Karl Lagerfeld died last week, on February 19, 2019, at the age of 85. Lagerfeld was probably one of the first fashion designers I knew by name, thanks to the prominent ads for Chloé that appeared in my mother’s copies of W magazine—favorite reading material for pre-teen me.
There are plenty of obituaries and features that give a comprehensive overview of his life and work. This post, however, is just a look at five perfume-related moments of his career…
Under Lagerfeld’s creative direction from 1964 to 1983 and then again from 1992 to 1997, Chloé became known for—in the words of Vogue UK—“bold prints on flowing dresses that were confident, fun and liberating.”
In 1975, after working with with the global pharmaceutical company Eli Lilly to establish Parfums Lagerfeld, Lagerfeld launched his first perfume—Chloé. The perfumer behind this fragrance was Betty Busse.
Chloé was a lush, head-turning bouquet of white florals and woodsy musk. Just like Lagerfeld’s designs for the house of Chloé, it was romantic but certainly not shy—perfect for the age of second-wave feminism.
The bottle, with its cap of frosted-glass calla lilies, was designed by Joe Messina. It was a perfect match for the décor of many late-70s and 80s dressing tables and bedrooms.
Sun Moon Stars
For the 1990s, on the other hand, Parfums Lagerfeld offered a fragrance more in tune with the decade’s interest in New Age spirituality.
Master perfumer Sophia Grojsman created Sun Moon Stars, launched by Lagerfeld in 1994; it was a fruity-floral oriental composition presented in a spherical, cobalt blue bottle embossed with stars, a radiant sun, and a crescent moon. Lagerfeld designed the bottle in collaboration with Susan Wick.
The bottle has long reminded me of the classic Lalique flacon for Worth’s Dans La Nuit (circa 1924). I’ve often wondered whether Lagerfeld, with his encyclopedic knowledge of fashion and visual culture, took that bottle as his inspiration.
Here’s a press shot of Lagerfeld signing autographs at a 1994 promotional event for Sun Moon Stars at Saks Fifth Avenue.
Lagerfeld also released a number of masculine fragrances, beginning with Lagerfeld in 1978.
The flanker Lagerfeld Photo, released in 1990, interests me less for its scent (a conventional but solid fougère, by most accounts) than for its concept. Photo’s ads (featuring a young Claudia Schiffer!) played with scenarios of impromptu photo shoots and images compiled like contact sheets or strips of film.
A fragrance named for technology, not to mention the font inspired by LED lettering (still a relatively “modern” feature in 1990!), was a contrast to all the outdoorsy, rugged men’s colognes like Old Spice, Brut, and Polo that had dominated the market in the 1970s and 1980s.
In this later repackaging, the LED lettering is emphasized even more, and tiny red and white numerals have been added to box’s camera lens or “zoom ring” design.
Lagerfeld was known for being an early adopter and enthusiastic devotee of new electronic gadgets (he reportedly owned 300 iPods).
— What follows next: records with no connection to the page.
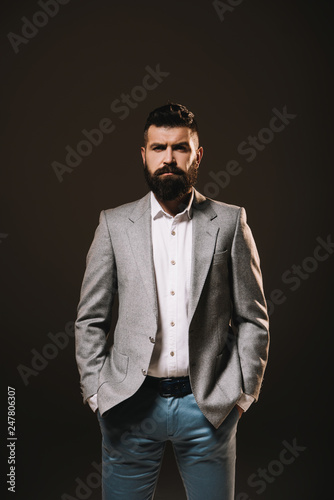 beard businessman posing in gray jacket isolated on brown
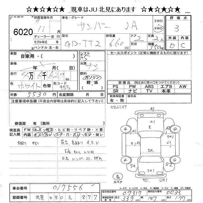 SUBARU SAMBAR - лот 6020
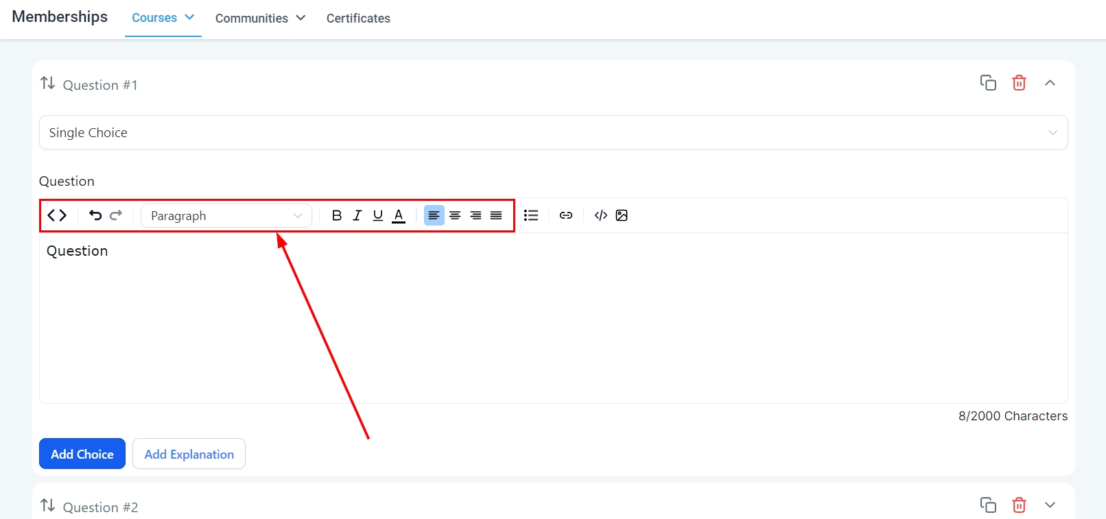 You can choose between single-choice or multiple-choice questions. For each option, you can:

Even though most of us have shifted from film to digital photography, technology as a tool of seduction is a more timely idea than ever.
In 2004, when “masstige” was still a new idea, Lagerfeld collaborated with the retailer giant H&M on a collection of affordable women’s and men’s clothing. It sold out in the blink of an eye.
That collection even included a gender-neutral fragrance titled Liquid Karl (perfumers: Pascal Gaurin and Bruno Jovanovic). Some of giggled at the name when we heard or read it, but looking back, I now realize how aptly Lagerfeld was playing on the then-prevalent obsession with celebrity fragrances—the idea of your favorite singer/athlete/tv star, bottled.
Kapsule (Woody, Floriental, Light)
Another look back at the golden age of perfume bottle design, another envelope-pushing concept: Karl’s Kapsule fragrance collection, launched in 2007. Koty—sorry, Coty—teamed up with Coty to develop a trio of gender-neutral scents simply named for their categories: Woody (created by Olivier Cresp), Floriental (Emilie Coppermann), and Light (Mark Buxton).
Their square bottles were designed by Lutz Herrmann.
Capsule wardrobes? Unisex perfumes? Fragrance layering? Once again, Lagerfeld was ahead of the curve. Again, it can be hard to remember in our era of Le Labo, Glossier, and Jo Malone how forward-thinking Kapsule really was for a mass-market fragrance.
Oh, and those corner-tipped square bottles with the little cube-shaped caps? I can’t help but think that they were a nod to Ybry’s packaging from the 1920s.
There’s more to say, of course, but I’ll stop here and bid farewell to Monsieur Lagerfeld and his far-reaching influence not just on fashion but on fragrance—its concepts, its visual presentations, its ability to evoke past and present moments simultaneously. Thank you, KL!